:: Data for this exercise ::

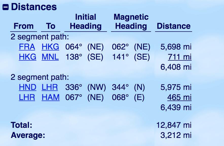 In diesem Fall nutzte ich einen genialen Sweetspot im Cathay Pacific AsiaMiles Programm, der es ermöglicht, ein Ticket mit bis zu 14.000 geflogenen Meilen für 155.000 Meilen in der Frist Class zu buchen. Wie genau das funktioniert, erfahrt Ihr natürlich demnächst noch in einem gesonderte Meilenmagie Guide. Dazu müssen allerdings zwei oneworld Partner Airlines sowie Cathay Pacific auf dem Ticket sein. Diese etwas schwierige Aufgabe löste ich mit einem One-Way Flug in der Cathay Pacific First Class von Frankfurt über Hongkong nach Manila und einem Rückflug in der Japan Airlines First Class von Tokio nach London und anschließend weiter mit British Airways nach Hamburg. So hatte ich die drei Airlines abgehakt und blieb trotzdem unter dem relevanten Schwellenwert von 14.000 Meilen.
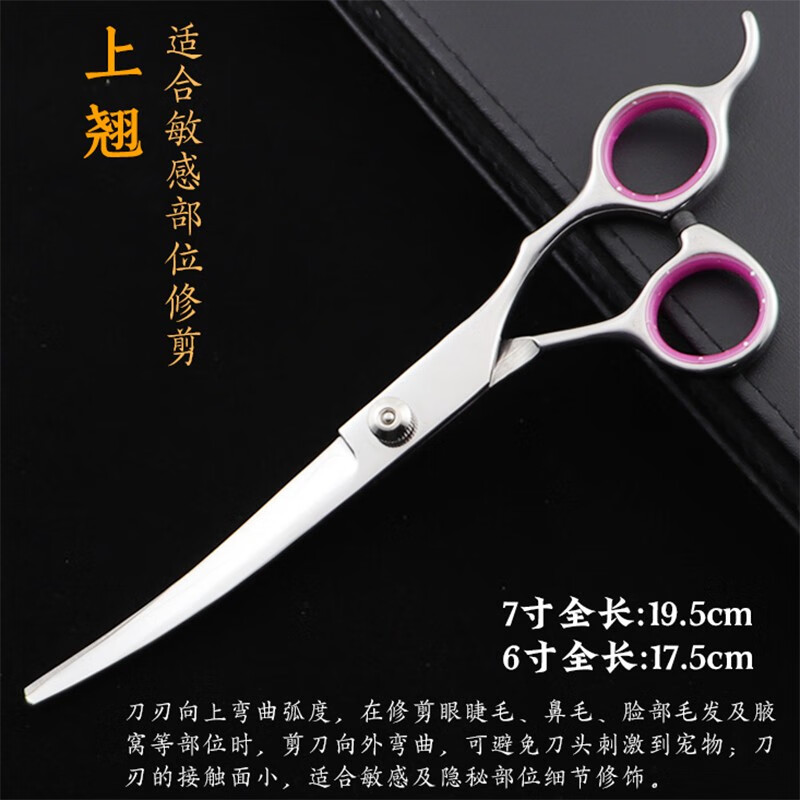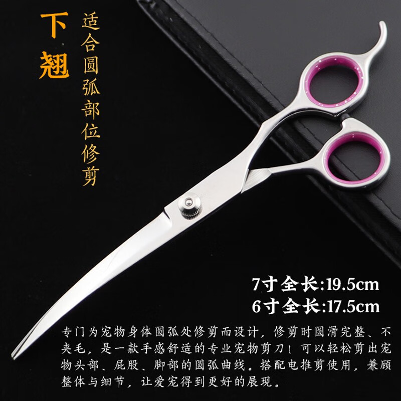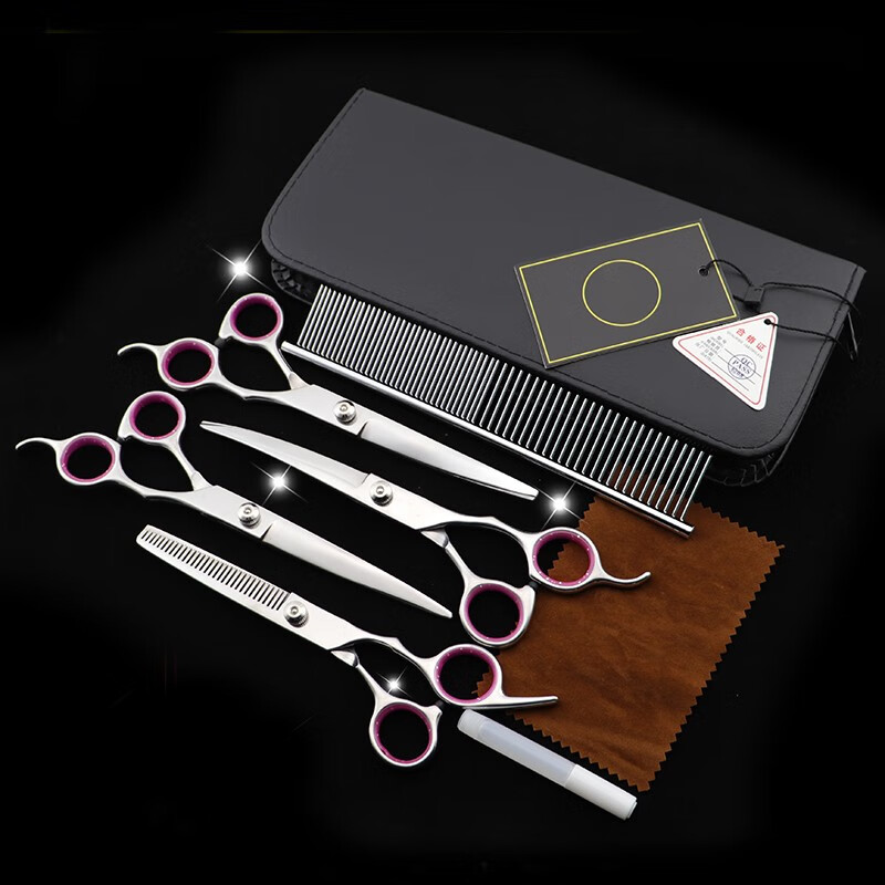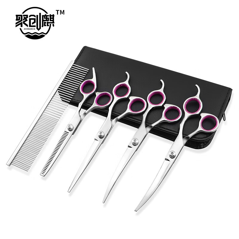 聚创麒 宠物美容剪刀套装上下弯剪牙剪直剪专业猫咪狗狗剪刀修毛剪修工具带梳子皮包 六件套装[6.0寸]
---
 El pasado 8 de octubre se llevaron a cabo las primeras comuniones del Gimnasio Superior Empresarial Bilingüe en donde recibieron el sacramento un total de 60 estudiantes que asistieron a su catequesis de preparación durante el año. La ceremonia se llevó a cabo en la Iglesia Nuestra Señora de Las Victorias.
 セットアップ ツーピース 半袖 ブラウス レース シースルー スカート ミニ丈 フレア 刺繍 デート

:: Exercise objective ::
Output exactly the lines above, from the line with "In diesem Fall" to the line with "聚创麒 宠物美容剪刀套装上下弯剪牙剪直剪专业猫咪狗狗剪刀修毛剪修工具带梳子皮包 六件套装[6.0寸]", both included; skip the pictures.

:: Answer below ::
 In diesem Fall nutzte ich einen genialen Sweetspot im Cathay Pacific AsiaMiles Programm, der es ermöglicht, ein Ticket mit bis zu 14.000 geflogenen Meilen für 155.000 Meilen in der Frist Class zu buchen. Wie genau das funktioniert, erfahrt Ihr natürlich demnächst noch in einem gesonderte Meilenmagie Guide. Dazu müssen allerdings zwei oneworld Partner Airlines sowie Cathay Pacific auf dem Ticket sein. Diese etwas schwierige Aufgabe löste ich mit einem One-Way Flug in der Cathay Pacific First Class von Frankfurt über Hongkong nach Manila und einem Rückflug in der Japan Airlines First Class von Tokio nach London und anschließend weiter mit British Airways nach Hamburg. So hatte ich die drei Airlines abgehakt und blieb trotzdem unter dem relevanten Schwellenwert von 14.000 Meilen.
 聚创麒 宠物美容剪刀套装上下弯剪牙剪直剪专业猫咪狗狗剪刀修毛剪修工具带梳子皮包 六件套装[6.0寸]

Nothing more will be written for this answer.